From R’ Aviner-Does anyone else say this:
“Al Naharot Bavel”
Q: Should one say “Al Naharot Bavel” before the Birkat Ha-Mazon on weekdays?
A: It is proper to do so, but is not obligatory since it is not found in the Gemara, Rambam or Shulchan Aruch, but in the Shelah (Our Rabbi, Ha-Rav Tzvi Yehudah, would not recite “Al Naharot Bavel” but rather “Shir Ha-Ma’alot” at each meal, because of our return to our Land. Iturei Yerushalayim #26. “Al Naharot Bavel”, and when it is to be recited, does appear, however, in Siddur Olat Ha-Re’eiyah (vol. 1, p. 360) – a siddur with Maran Ha-Rav Kook’s commentary which our Rabbi himself arranged and annotated).
~ ~ ~
The U.K. became the first country to authorize genetic modification of human embryos (to be used to research causes of miscarriages). The source of the embryos were from “unneeded” for IVF stocks and will not be implanted. “Watch this space”

  • Rabbi Nosson Rich-Mishna Berura Yomi: Hilchos Birchas Hapeiros 208-5

    Brachot (before and after eating) issues when mixing flour from 5 grains with non-5 grains. Real problem if the resulting foodstuff doesn’t have enough 5 grains to eat a kzayit bchdei achilat pras.

  • Harav Mosheh Lichtenstein and Rav David Stav. Rebbetzon Lauren Levin-Women in Orthodoxy

    R’Moshe Lichtenstein – Measure appropriateness of pace of change by community time, not individual lifespans (amen). Our overarching goal is avodat hashem and remember, it’s an evolutionary process.

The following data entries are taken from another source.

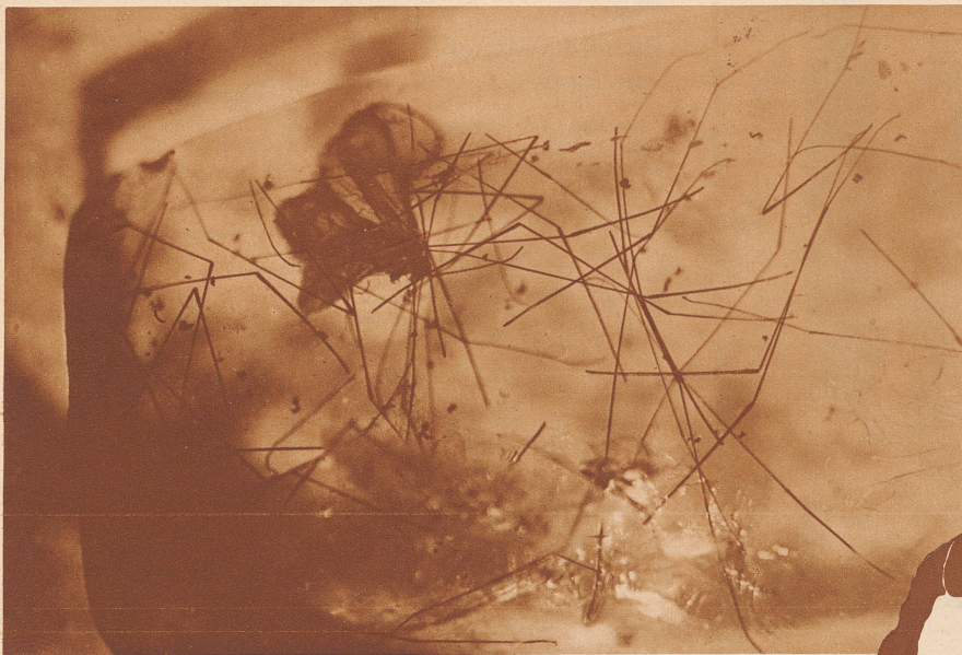
Ein Schlachtfeld, das älter ist als alle Menschen, — lest, was ich darüber zu berichten weiß!

Liebe Kinder, mein Freund Schnugg sammelt alle Arten kuriose Sachen: Bücher, Bilder, Ketten, Möbel, ausgestopfte Tiere und vieles andere, was kein Mensch mehr haben will. Manchmal ergattert er etwas besonders Wertvolles, das kann er dann gut verkaufen. Letzten Sonntag ging ich ihn besuchen und stöberte gehörig in dem alten Kram herum, viele Stunden lang. Ich bekam staubige Hände und einen heißen Kopf und wollte eben wieder gehen, — da fiel die Sonne durch das Fenster, und oben auf einem alten Kasten leuchtete etwas auf, daß ich meinte, es sei Gold. Schnugg holte es herunter. Es war ein goldgelb funkelnder, durchsichtiger Stein, etwa so groß wie ein kleiner Pfirsich. Wenn man ihn gegen das Licht hielt, sah man, daß tief drinnen ein kleines Insekt saß und kreuz und quer liefen viele dünne dunkle Linien. «Das sieht ja fast aus wie Fliegenbeine», murmelte ich. «Sind auch Fliegenbeine», sagte Schnugg feierlich, «aber keine gewöhnlichen: diese Fliegenbeine sind viele Millionen Jahre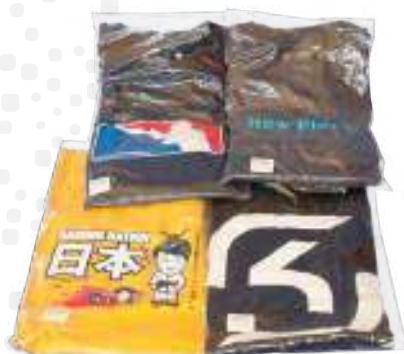
G 160 (0,04 mm) TIRA PROTECTORA DE SOLAPA ADHESIVA ANTIESTÁTICA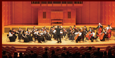
秋田青少年オーケストラ 指揮：成田 徹、音楽監督：羽川 武

2025 1.26 (sun) 開演 14:00 | あきた芸術劇場ミルハス (開場 13:15) 大ホール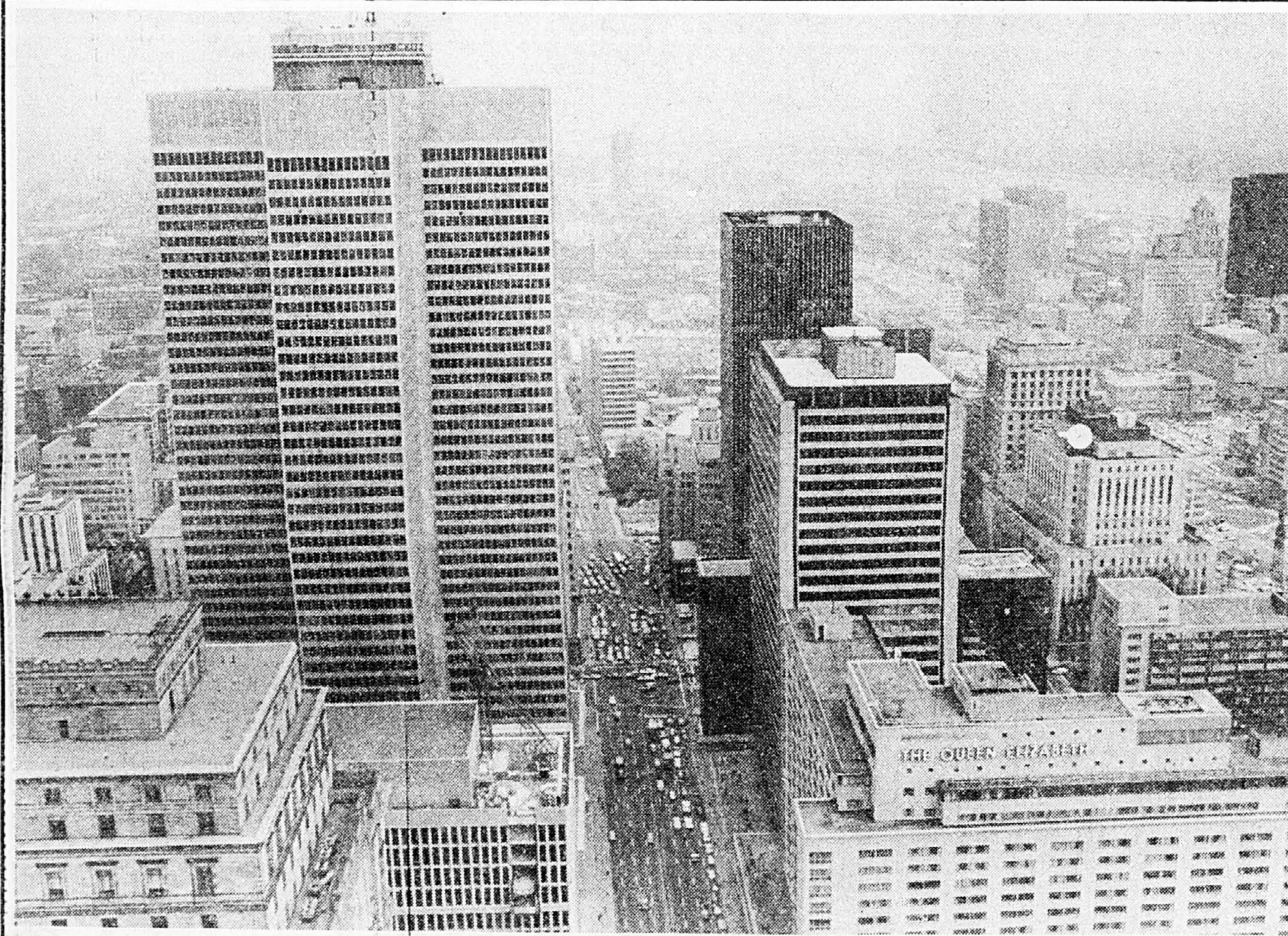
En regardant vers le pont Jacques-Cartier, de l'observatoire de l'édifice de la Banque Impériale de Commerce, au 45e étage.

    R’David Stav – One man’s evolution is another’s revolution (with examples) and we must respond to “Halacha isn’t moral”. Woman can have knowledge/roles since people ask people who know something regardless of title. We need to maintain tzniut and don’t change synagogue structure.

    R’Lichtenstein – Once you start with “Halacha isn’t moral” issues, it’s a problem.

    Importance of unity but not at any cost and remember copying what men do isn’t necessarily inspirational.

  • Rabbi Aaron Soloveichik-Understanding Reward and Punishment for Mitzvos

    For me, must listening – articulated my pitch much better than I’ve been able to.

    How do we deal with theodicy? Think about community/national/mankind versus individual level reward and punishment. Won’t always see it work for the individual.

    We need to tremble before God, not before man; eventually we do mitzvot not for reward but for the ideal motive of our relationship with HKB”H.

  • Rabbi Nosson Rich-Mishna Berura Yomi: Hilchos Birchas Hapeiros 208-6

    Change in after bracha text for fruits from Israel.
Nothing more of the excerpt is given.